Home > Aysheaia pedunculata
Reconstruction of Aysheaia pedunculata.
© Marianne Collins
Aysheaia pedunculata (ROM 61108). Complete specimen preserved laterally showing limbs and gut trace. Specimen length = 20 mm. Specimen dry – polarized light. Walcott Quarry.
© Royal Ontario Museum. Photo: Jean-Bernard Caron
Aysheaia pedunculata (ROM 61132). Two individuals preserved side by side. Specimen length (smallest and most complete specimen) = 20 mm. Specimen dry – polarized light. Walcott Quarry.
© Royal Ontario Museum. Photos: Jean-Bernard Caron
Aysheaia pedunculata (USNM 57655) – Holotype (part and counterpart). Complete specimen preserved dorso-ventrally showing limbs and dark stain seeping from the mouth (probably representing decay fluids). The insert picture of the part shows small tubercles along the body. The counterpart (right) has been prepared to reveal some of the limbs. Specimen length = 33 mm. Specimen dry – polarized light (insert specimen wet – polarized light). Walcott Quarry.
© Smithsonian Institution – National Museum of Natural History. Photos: Jean-Bernard Caron
Aysheaia pedunculata (USNM 83942a) – Paratype. Complete specimen preserved laterally showing limbs. Specimen length = 36 mm. Specimen dry – polarized light. Walcott Quarry.
© Smithsonian Institution – National Museum of Natural History. Photo: Jean-Bernard Caron
Aysheaia is regarded as a member of the “lobopodans,” a group of vermiform Cambrian organisms possessing pairs of leg-like extensions of the body. The affinities of these animals are controversial; they have been placed at the base of a clade comprised of anomalocaridids and arthropods (Budd, 1996), or in a stem-group to modern onychophorans (Ramsköld and Chen, 1998).
Aysheaia – after the nearby Aysha peak (since renamed Ayesha peak) in the Wapta icefield (3,065 m); original meaning unknown.
pedunculata – from the Latin pedunculus, “foot.”
Burgess Shale and vicinity: none
Other deposits: A.? prolata from the Middle Cambrian of Utah (Robison, 1985).
The Walcott Quarry on Fossil Ridge.
Walcott originally described Aysheaia as an annelid worm (Walcott, 1911). It was later re-described as a velvet worm (or a close relative) (Brues, 1923; Hutchinson, 1930; Walcott, 1931; Walton, 1927), although it lacked features such as jaws and slime glands. Its position remains a subject of debate, with a position in a new phylum being mooted (Tiegs and Manton, 1958).
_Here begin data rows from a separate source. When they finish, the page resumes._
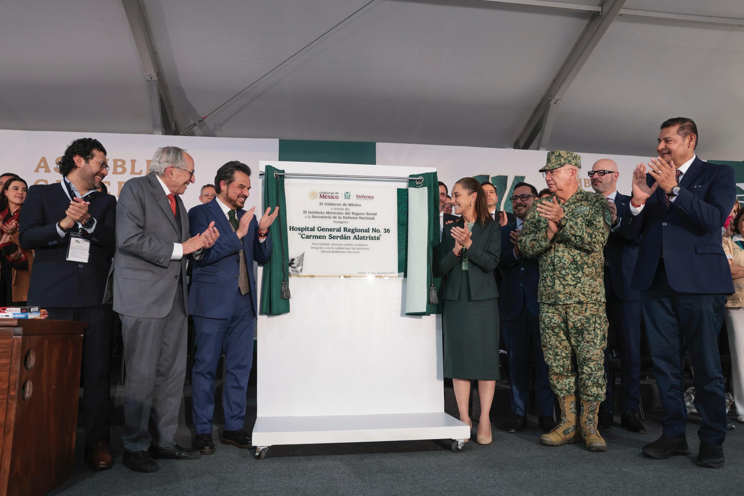 Puebla, Puebla.- Desde Puebla, la Presidenta Claudia Sheinbaum Pardo encabezó la 116 Asamblea General del Instituto Mexicano del Seguro Social (IMSS) en la que se inauguró el nuevo Hospital General Regional No. 36 con el nombre de “Carmen Serdán Alatriste”, en sustitución del Hospital General de San Alejandro que fue afectado por el sismo de 2017, y el cual beneficiará a 554 mil 541 derechohabientes.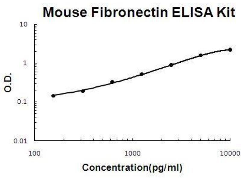 - mouse Fibronectin ELISA Kit was based on standard sandwich enzyme-linked immune-sorbent assay technology. A monoclonal antibody from rat specific for Fibronectin has been precoated onto 96-well plates. Standards(from plasma) and test samples are added to the wells, a biotinylated detection polyclonal antibody from goat specific for Fibronectin is added subsequently and then followed by washing with PBS or TBS buffer. Avidin-Biotin-Peroxidase Complex was added and unbound conjugates were washed away with PBS or TBS buffer. HRP substrate TMB was used to visualize HRP enzymatic reaction. TMB was catalyzed by HRP to produce a blue color product that changed into yellow after adding acidic stop solution. The density of yellow is proportional to the mouse Fibronectin amount of sample captured in plate.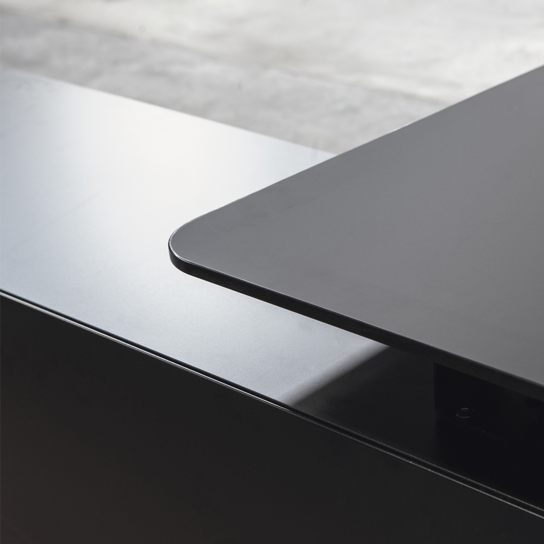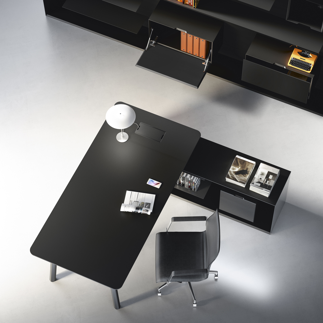 Queste scrivanie vengono proposte anche in Fenix. Un'alternativa tecnologica: materiale innovativo, realizzato con particolari lavorazioni e trattamenti, Fenix è resistente, igienico e morbido al tatto. Disponibile in bianco oppure nero, è opaco e anti-impronta, garantendo qualità estetica ed elevata praticità.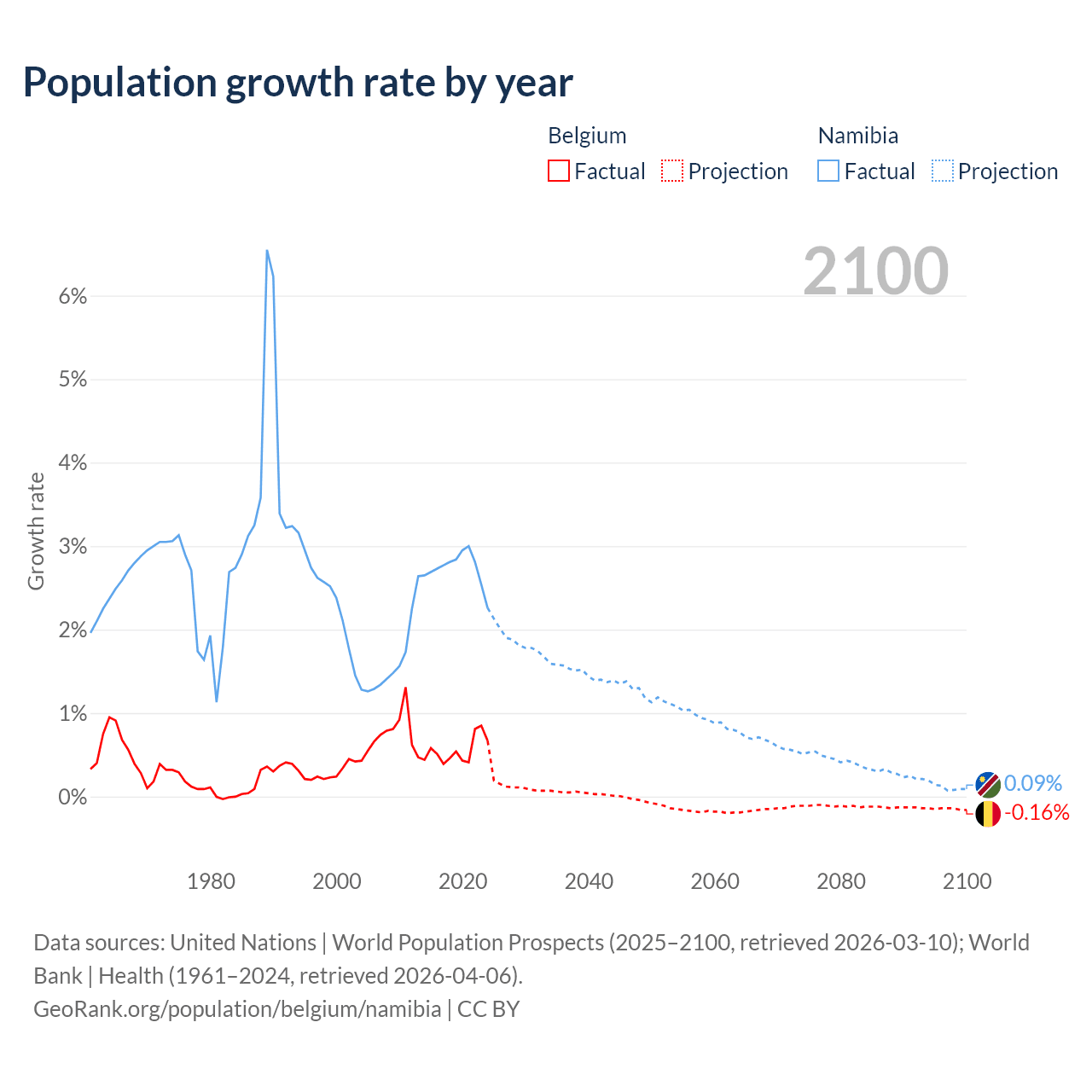 - For the last 10 years, Belgium has had an average growth rate of +0.55% per year vs +2.73% in Namibia.

A morphological reinterpretation based on photographs (Delle Cave and Simonetta, 1975) prompted a detailed re-study of the fossil specimens (Whittington, 1978), and relationships were suggested with the water bears (tardigrades) (Bergström, 1978). Aysheaia is now grouped with close relatives in the class Xenusia (Liu et al., 2008), lobopods that fall on the arthropod stem lineage (Budd, 1996, 1998; Whittington, 1978).
Aysheaia is a worm-like animal, 1 to 6 cm in length and about 5 mm broad, bearing ten pairs of clawed, spiny limbs on the lower part of its body. It did not have a separate head, but a mouth occupied the very front of the body, accompanied by a pair of appendages and a circlet of bumps (papillae). The animal had a soft, flexible, non-mineralized cuticle, which had a corrugated, accordion-like form. Each stubby limb had ten corrugations, some of which bore a spiny projection. A suite of claws also adorned the end of each stub-foot. A faint line running down the axis of the organism is interpreted as its gut.
Aysheaia is rare in the Walcott Quarry representing less than 0.04% of the specimens counted in the community (Caron and Jackson, 2008).
Aysheaia is frequently associated with the remains of sponges, and an ecological association has been posited. Whether Aysheaia used its spines to adhere to sponges while feeding on them, or whether it simply hid among sponges for protection from predators, is unclear.